Apart from these, it also provides features like:

4. Weighted Quantile Sketch

As we have seen earlier, most of the existing tree-based algorithms can find the split points when the dataset has data points of equal weights. But the algorithms are not well trained to efficiently handle weighted data. However, XGBoost is a distributed weighted quantile sketch algorithm and it effectively handles weighted data.

5. Block structure for parallel learning

For faster computing, XGBoost can make use of multiple cores on the CPU. This is possible because of a block structure in its system design. Data is sorted and stored in in-memory units called blocks. Unlike other algorithms, this enables the data layout to be reused by subsequent iterations, instead of computing it again.

6. Cache Awareness

In XGBoost, non-continuous memory access is required to get the gradient statistics by row index. Hence, XGBoost has been designed to make optimal use of hardware.

Implementation of XGBoost in Python

# PythonGeeks code for XGBoost classifier
# Importing the libraries
import numpy as np
import matplotlib.pyplot as plt
import pandas as pd
 
# Importing the dataset
dataset = pd.read_csv('Churn_Modelling.csv')
X = dataset.iloc[:, 3:13].values
y = dataset.iloc[:, 13].values
 
# Encoding categorical data
from sklearn.preprocessing import LabelEncoder, OneHotEncoder
labelencoder_X_1 = LabelEncoder()
 
X[:, 1] = labelencoder_X_1.fit_transform(X[:, 1])
labelencoder_X_2 = LabelEncoder()
 
X[:, 2] = labelencoder_X_2.fit_transform(X[:, 2])
onehotencoder = OneHotEncoder(categorical_features = [1])
 
X = onehotencoder.fit_transform(X).toarray()
X = X[:, 1:]
 
# Splitting the dataset into the Training set and Test set
from sklearn.model_selection import train_test_split
X_train, X_test, y_train, y_test = train_test_split(
    X, y, test_size = 0.2, random_state = 0)
 
# Fitting XGBoost to the training data
import xgboost as xgb
my_model = xgb.XGBClassifier()
my_model.fit(X_train, y_train)
 
# Predicting the Test set results
y_pred = my_model.predict(X_test)
 
# Making the Confusion Matrix
from sklearn.metrics import confusion_matrix
cm = confusion_matrix(y_test, y_pred)

The output of the above code will depict the following results

Accuracy will be about 0.8645

Reasons to Choose XGBoost

The two main factors to choose XGBoost over other algorithms are:

Execution Speed
Model Performance

Let us look at these points in brief

1. XGBoost Execution Speed

Usually, XGBoost exhibits really fast performance. When we compare the computational speed of XGBoost to other algorithms, it shows high variance in the speed of all other algorithms. Szilard Palka conducted an experiment to compare the performance of all the implementations of gradient boosting and the results are quite significant.
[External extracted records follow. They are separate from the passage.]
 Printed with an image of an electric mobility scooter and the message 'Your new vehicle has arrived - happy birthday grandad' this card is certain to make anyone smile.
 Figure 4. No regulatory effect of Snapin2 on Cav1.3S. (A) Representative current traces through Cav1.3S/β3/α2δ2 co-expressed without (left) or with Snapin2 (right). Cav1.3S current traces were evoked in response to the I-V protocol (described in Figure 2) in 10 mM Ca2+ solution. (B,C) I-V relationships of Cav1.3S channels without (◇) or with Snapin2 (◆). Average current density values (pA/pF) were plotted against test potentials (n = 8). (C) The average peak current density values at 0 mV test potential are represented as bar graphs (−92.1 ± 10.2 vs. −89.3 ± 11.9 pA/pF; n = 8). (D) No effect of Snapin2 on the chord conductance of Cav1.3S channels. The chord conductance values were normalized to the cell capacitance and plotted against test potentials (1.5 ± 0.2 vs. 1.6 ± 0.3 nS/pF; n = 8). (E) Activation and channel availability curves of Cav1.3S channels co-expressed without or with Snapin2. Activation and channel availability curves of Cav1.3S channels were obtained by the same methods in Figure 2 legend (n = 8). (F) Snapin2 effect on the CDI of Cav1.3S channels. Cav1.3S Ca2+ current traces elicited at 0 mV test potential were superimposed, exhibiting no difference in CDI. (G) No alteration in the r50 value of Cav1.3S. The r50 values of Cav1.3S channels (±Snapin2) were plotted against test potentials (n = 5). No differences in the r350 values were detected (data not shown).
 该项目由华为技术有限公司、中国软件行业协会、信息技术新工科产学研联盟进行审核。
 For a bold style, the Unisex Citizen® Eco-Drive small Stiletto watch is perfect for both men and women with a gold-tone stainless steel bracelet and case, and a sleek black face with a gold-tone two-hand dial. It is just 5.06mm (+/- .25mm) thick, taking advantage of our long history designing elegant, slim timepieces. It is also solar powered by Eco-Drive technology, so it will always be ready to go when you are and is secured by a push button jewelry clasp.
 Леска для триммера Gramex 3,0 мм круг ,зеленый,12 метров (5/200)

The results in the above graph demonstrate that XGBoost always shows a better performance rate as compared to other implementations from R, Python, Spark, and H2O.
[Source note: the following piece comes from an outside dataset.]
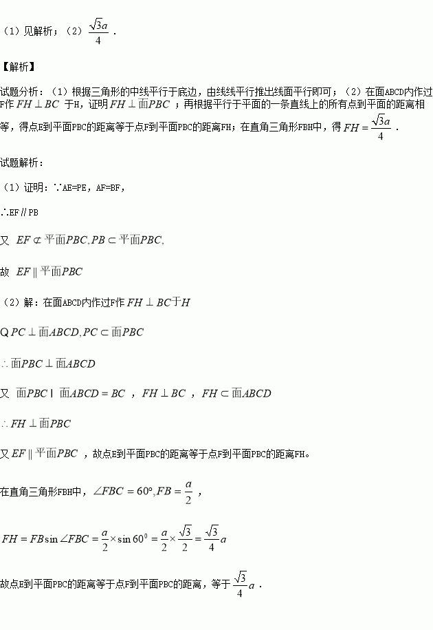 如图,在边长为a的菱形ABCD中,,E,F分别是PA和AB的中点。
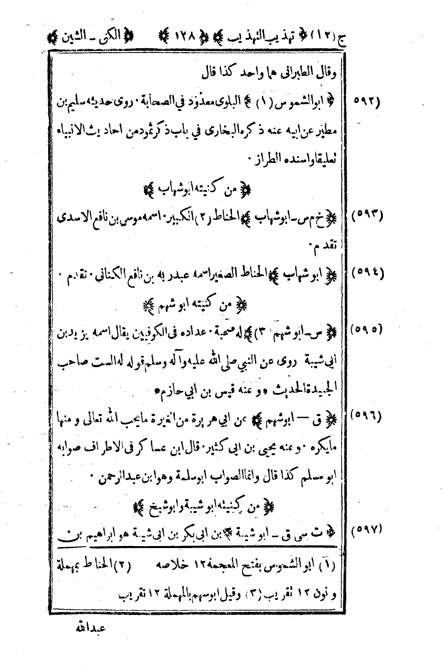 594- "س - أبو شهم1" له صحبة عداده في الكوفيين يقال اسمه يزيد بن أبي شيبة روى عن النبي صلى الله عليه وآله وسلم قوله له ألست صاحب الجيدة الحديث وعنه قيس بن أبي حازم.

2. XGBoost Model Performance

The main advantage of choosing XGBoost over other implementations is that it dominates the structures or tabular datasets on classification and regression predictive models.
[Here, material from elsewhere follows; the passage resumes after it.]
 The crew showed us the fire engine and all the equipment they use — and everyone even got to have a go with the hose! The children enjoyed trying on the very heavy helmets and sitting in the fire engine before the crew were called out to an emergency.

The fact that it is amongst one of the go-to algorithms for the competition winners of the Kaggle competitive data science platform, gives testament to the efficiency of this algorithm.

3. Flexibility

XGBoosting enables user-defined objective functions with classification, regression, and ranking problems. We can even make use of an objective function to measure the performance of the model.

4. Availability

Because of its availability for programming languages such as R, Python, Java, Julia, and Scala, the language is quite extensive.

Conclusion

With this, we have reached the end of the article about the XGBoost method. We covered the basics of the XGBoost algorithm, along with the various features and pre-requisites of the model. We also saw some of the major features to choose XGBoost over other implementations. Hope that this PythonGeeks article was able to solve your queries regarding the XGBoost algorithm.